>>>

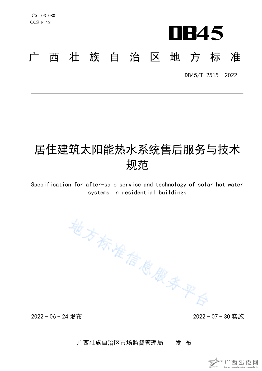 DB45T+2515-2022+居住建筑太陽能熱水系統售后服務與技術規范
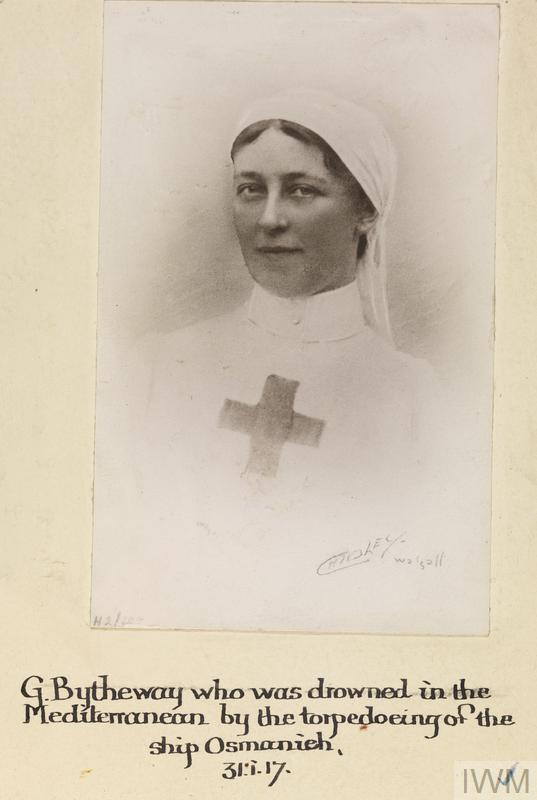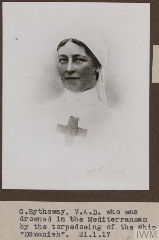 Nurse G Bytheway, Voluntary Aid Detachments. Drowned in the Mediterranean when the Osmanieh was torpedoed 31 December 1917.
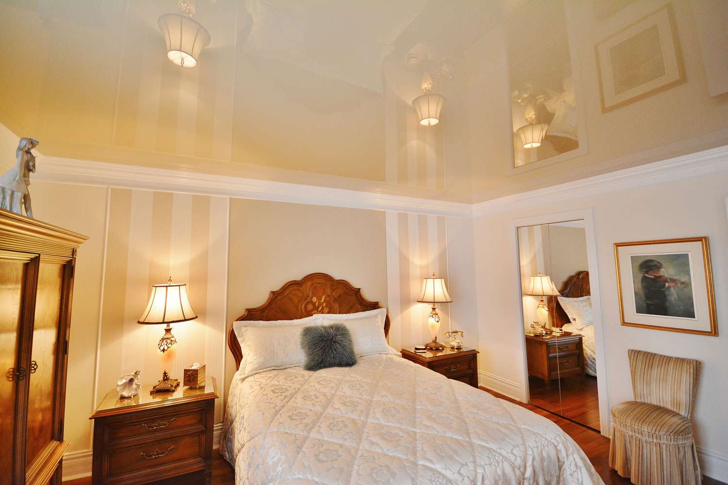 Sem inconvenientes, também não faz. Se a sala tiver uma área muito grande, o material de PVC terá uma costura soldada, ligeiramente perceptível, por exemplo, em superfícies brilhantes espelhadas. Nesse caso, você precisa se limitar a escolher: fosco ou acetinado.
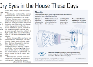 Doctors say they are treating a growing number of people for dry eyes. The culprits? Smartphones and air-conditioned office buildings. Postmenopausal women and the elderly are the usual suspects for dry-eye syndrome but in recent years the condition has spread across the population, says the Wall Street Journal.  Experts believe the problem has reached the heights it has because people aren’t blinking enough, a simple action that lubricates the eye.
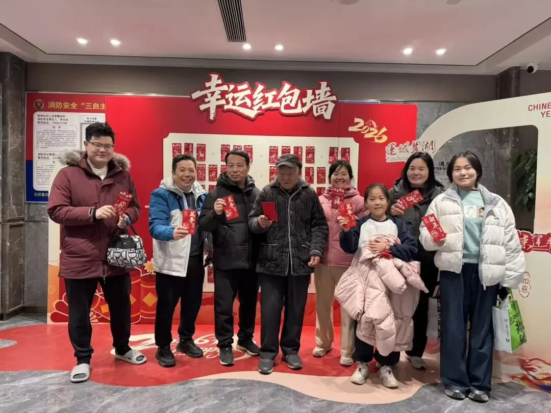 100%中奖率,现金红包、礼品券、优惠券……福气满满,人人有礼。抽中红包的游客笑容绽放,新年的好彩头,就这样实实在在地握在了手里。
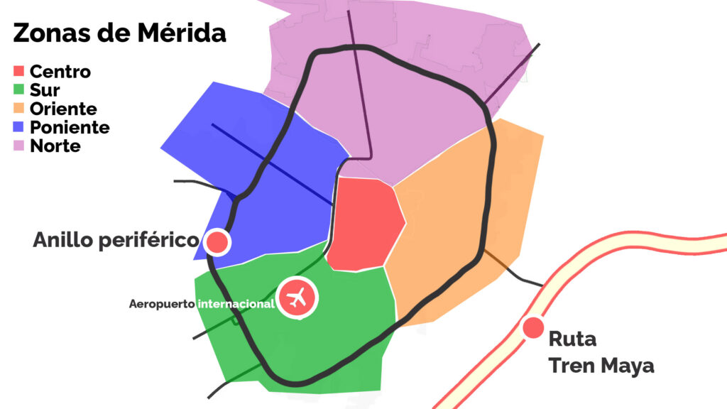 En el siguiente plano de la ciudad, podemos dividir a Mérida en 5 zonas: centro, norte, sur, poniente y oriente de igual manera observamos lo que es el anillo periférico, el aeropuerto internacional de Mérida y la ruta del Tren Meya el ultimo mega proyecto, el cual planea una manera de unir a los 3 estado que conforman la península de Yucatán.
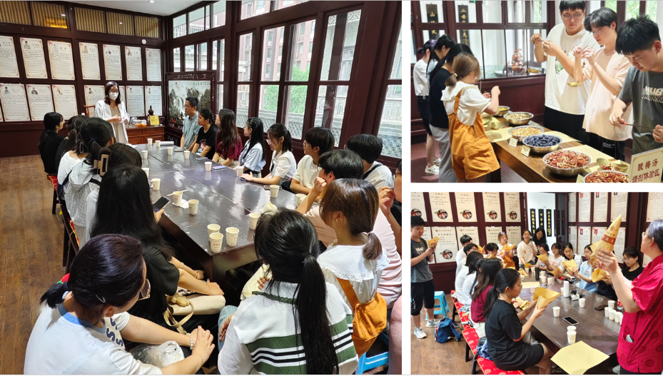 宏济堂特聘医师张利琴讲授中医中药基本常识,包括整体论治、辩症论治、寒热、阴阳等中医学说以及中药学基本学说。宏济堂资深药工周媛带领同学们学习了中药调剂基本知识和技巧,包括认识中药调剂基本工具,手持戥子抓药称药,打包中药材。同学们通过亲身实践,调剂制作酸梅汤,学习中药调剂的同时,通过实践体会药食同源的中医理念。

<<<

• _YOUR OBJECTIVE_
Write back the stretch of lines above that begins with the line holding "Nurse G Bytheway, Voluntary" and ends with the line holding "Sem inconvenientes, também", both included, exactly as written. Pictures stay out.

• _ANSWER FOR THE TASK_
 Nurse G Bytheway, Voluntary Aid Detachments. Drowned in the Mediterranean when the Osmanieh was torpedoed 31 December 1917.
 Sem inconvenientes, também não faz. Se a sala tiver uma área muito grande, o material de PVC terá uma costura soldada, ligeiramente perceptível, por exemplo, em superfícies brilhantes espelhadas. Nesse caso, você precisa se limitar a escolher: fosco ou acetinado.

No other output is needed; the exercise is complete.